# Worldviews in Movies



## Scott (Jan 3, 2006)

I am probably going to be teaching an apologetics class to our high school youth in the Spring. I was thinking about using movies as a vehicle to illustrate worldviews and am planning on getting Godawas stuff on that. Anyway, I wanted to show clips of movies to illustrate different views. Also, to get the kids to understand that worldviews pervade everything, including the movies they watch. What movies / clips would people recommend? 

For example, I was going to use the clip from Star Wars Episode 3 of Yoda's discussion with Anakin about having no attachment to people to illustrate certain eastern views of morality.

I was also going to use the clip of the Disney animated Pocahontas in which Pocahontas sings a long song about pantheism (the circle of life).
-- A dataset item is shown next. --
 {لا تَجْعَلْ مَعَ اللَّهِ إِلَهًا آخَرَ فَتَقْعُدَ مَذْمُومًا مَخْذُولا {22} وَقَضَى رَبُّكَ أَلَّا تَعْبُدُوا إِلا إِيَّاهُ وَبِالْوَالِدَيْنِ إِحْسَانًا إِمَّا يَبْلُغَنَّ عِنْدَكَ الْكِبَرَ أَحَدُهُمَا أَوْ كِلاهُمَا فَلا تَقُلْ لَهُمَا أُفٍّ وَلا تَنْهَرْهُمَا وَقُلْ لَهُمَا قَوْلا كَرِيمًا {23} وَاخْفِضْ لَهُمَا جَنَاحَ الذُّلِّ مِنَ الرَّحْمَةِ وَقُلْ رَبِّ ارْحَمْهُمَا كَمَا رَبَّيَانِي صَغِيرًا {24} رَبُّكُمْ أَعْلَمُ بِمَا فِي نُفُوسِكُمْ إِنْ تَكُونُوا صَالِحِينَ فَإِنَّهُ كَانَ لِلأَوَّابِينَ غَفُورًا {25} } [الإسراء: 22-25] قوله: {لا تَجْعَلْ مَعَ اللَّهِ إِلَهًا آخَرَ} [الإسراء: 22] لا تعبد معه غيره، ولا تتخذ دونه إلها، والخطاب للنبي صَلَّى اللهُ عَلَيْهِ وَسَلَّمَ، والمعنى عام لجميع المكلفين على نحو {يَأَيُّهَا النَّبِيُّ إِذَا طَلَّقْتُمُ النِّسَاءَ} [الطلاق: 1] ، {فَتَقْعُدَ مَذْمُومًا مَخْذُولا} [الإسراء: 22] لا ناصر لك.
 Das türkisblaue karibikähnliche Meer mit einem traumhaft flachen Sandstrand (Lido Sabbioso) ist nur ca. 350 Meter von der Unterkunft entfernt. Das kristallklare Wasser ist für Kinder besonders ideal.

Anyway, what else would people recommend?


----------



## crhoades (Jan 3, 2006)

Our church is having a men's retreat Jan. 20-21 and this topic will be covered. They are having movie clips etc. as well. I'll report back what they used. Now if I can only remember....


----------



## ReformedWretch (Jan 3, 2006)

In that same Episode III film Obi-Wan scolds Anakin that only "Sith believe in absolutes".


----------



## Vytautas (Jan 3, 2006)

Groundhog Day was solipsist.


----------